Yates attempts to buttress his argument by directing this court to the holding of the United States Supreme Court in Schmuck v. United States, ___ U.S. ___, 109 S.Ct. 1443, 103 L.Ed.2d 734, reh. denied, ___ U.S. ___, 109 S.Ct. 2091, 104 L.Ed.2d 654 (1989). In that case the United States Supreme Court rejected the inherent-relationship test and adopted the statutory-elements test under Rule 31(c) of the Federal Rules of Criminal Procedure, which is the Federal counterpart of our Rule 31(c) of the Superior Court Rules of Criminal Procedure. Id. at ___, 109 S.Ct. at 1450, 103 L.Ed.2d 746.

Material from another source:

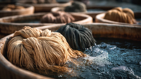 Explore the intricate process of dyeing natural fibers in large bowls filled with water, revealing vibrant colors and unique textures in this artisan craft.

The defendant in Dordain also cited the case of Schmuck in his argument to this court. We responded that "[t]his court, however, remains in agreement with the rationale employed by the United States Court of Appeals for the District of Columbia in rejecting this particular approach." Dordain, 566 A.2d at 947 n. 2. That rationale, as enumerated in United States v. Whitaker, 447 F.2d 314 (D.C. Cir.1971), is stated as follows:

"A more natural, realistic and sound interpretation of the scope of `lesser included offense,' in line with our own views on the subject, is that defendant is entitled to invoke Rule 31(c) when a lesser offense is established by the evidence adduced at trial in proof of the greater offense, with the caveat that there must also be an `inherent' relationship between the greater and lesser offenses, i.e., they must relate to the protection of the same interests, and must be so related that in the general nature of these crimes, though not necessarily invariably, proof of the lesser offense is necessarily presented as part of the showing of the commission of the greater offense." Id. at 319.

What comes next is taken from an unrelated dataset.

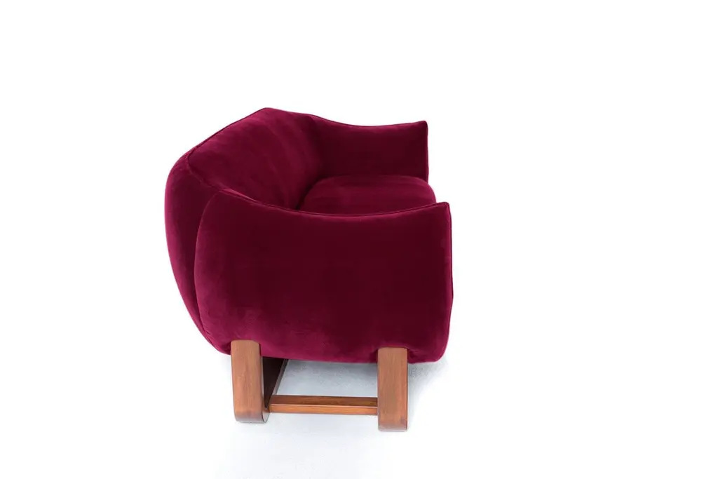 Designer Marie Burgos has expanded on the design concept for her acclaimed Milo lounge chair and created the newly introduced Milo sofa. She uses a molded wooden frame to support the luxuriously comfortable seating that is covered in any of a wide selection of fabrics, including the red velvet shown here. The tailored contemporary style is designed to compliment room settings in virtually any style from traditional to minimalist modern.Structure: Handcrafted wooden frame Finish: Variety of Fabrics with leather handle.COM available.
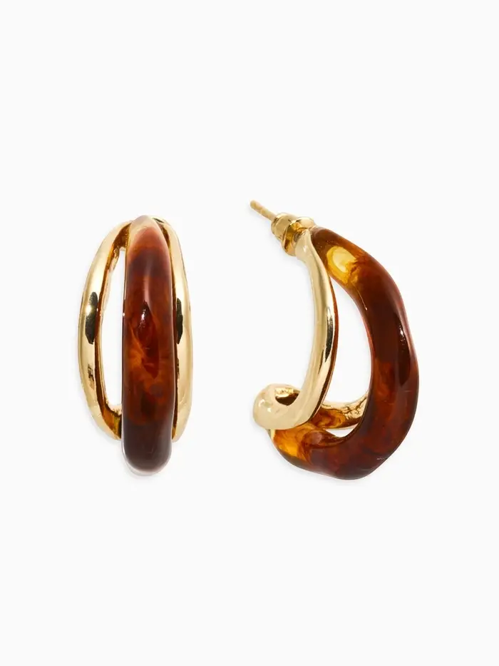 Серьги акрил "Стиль" полукольцо, цвет светло-кричневый в золоте

In the case at bar the crime of abominable and detestable crime against nature was inherently related to the crime of first-degree sexual assault. The lesser offense was established by the evidence adduced at trial. The physical act required to *578 consummate both offenses was identical. Clearly the offenses relate to the protection of the same interests. The only difference in the offenses in the case at bar was the material factual dispute concerning whether the acts were consensual in nature or the result of force or coercion.

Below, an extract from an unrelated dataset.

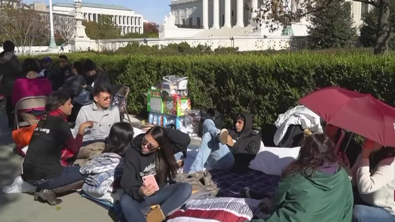 Dreamers y activistas acampan afuera de la Corte Suprema de Justicia para asistir a la audiencia de DACA
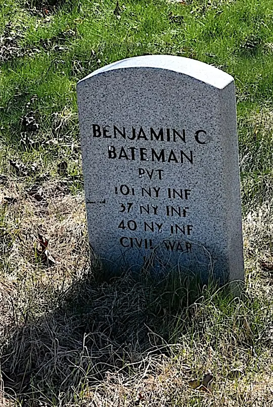 Bennett applied for and received an invalid pension in 1886, certificate 1,085,455. (His pension index card notes that his rank in the 145th was corporal, not sergeant as indicated on his soldier record and muster roll.) The 1910 census reports that he was a widower living at 251 Arlington Avenue in Brooklyn who worked as a carpenter and could read and write. Bennett last lived at 54 Lincoln Place in Brooklyn. His death was attributed to pneumonia. Section 101, lot 5941, grave 3.

Accordingly we hold that the offense of an abominable and detestable crime against nature is a lesser included offense of the offense of first-degree sexual assault in this case because of the inherent relationship between the two. Therefore, we find that the trial justice's instructions to the jury concerning abominable and detestable crimes against nature were completely proper and even served to protect Yates. See State v. Hockenhull, 525 A.2d 926, 930 (R.I. 1987), where this court noted that "absent such an instruction, a jury may erroneously convict a criminal defendant of the principal offense charged, despite the prosecution's inability to prove an element of that offense, when the jury is convinced that defendant's conduct was criminal."

For the reasons stated, the defendant's appeal is denied and dismissed, and the judgment of the Superior Court is affirmed.

NOTES

[1] General Laws 1956 (1981 Reenactment) § 12-17-14 provides:

"Conviction of lower offense or attempt. — Whenever any person is tried upon an indictment, information, or complaint and the court or jury, as the case may be, shall not be satisfied that he is guilty of the whole offense, but shall be satisfied that he is guilty of so much thereof as shall substantially amount to an offense of a lower nature, or that the defendant did not complete the offense charged, but that he was guilty only of an attempt to commit the same, the court or jury may find him guilty of such lower offense or guilty of an attempt to commit the same, as the case may be, and the court shall proceed to sentence such person for the offense of which he shall be so found guilty, notwithstanding that such court had not otherwise jurisdiction of such offense."

Rule 31(c) of the Superior Court Rules of Criminal Procedure provides:

"Conviction of Less Offense. The defendant may be found guilty of an offense necessarily included in the offense charged or of an attempt to commit either the offense charged or an offense necessarily included therein if the attempt is an offense."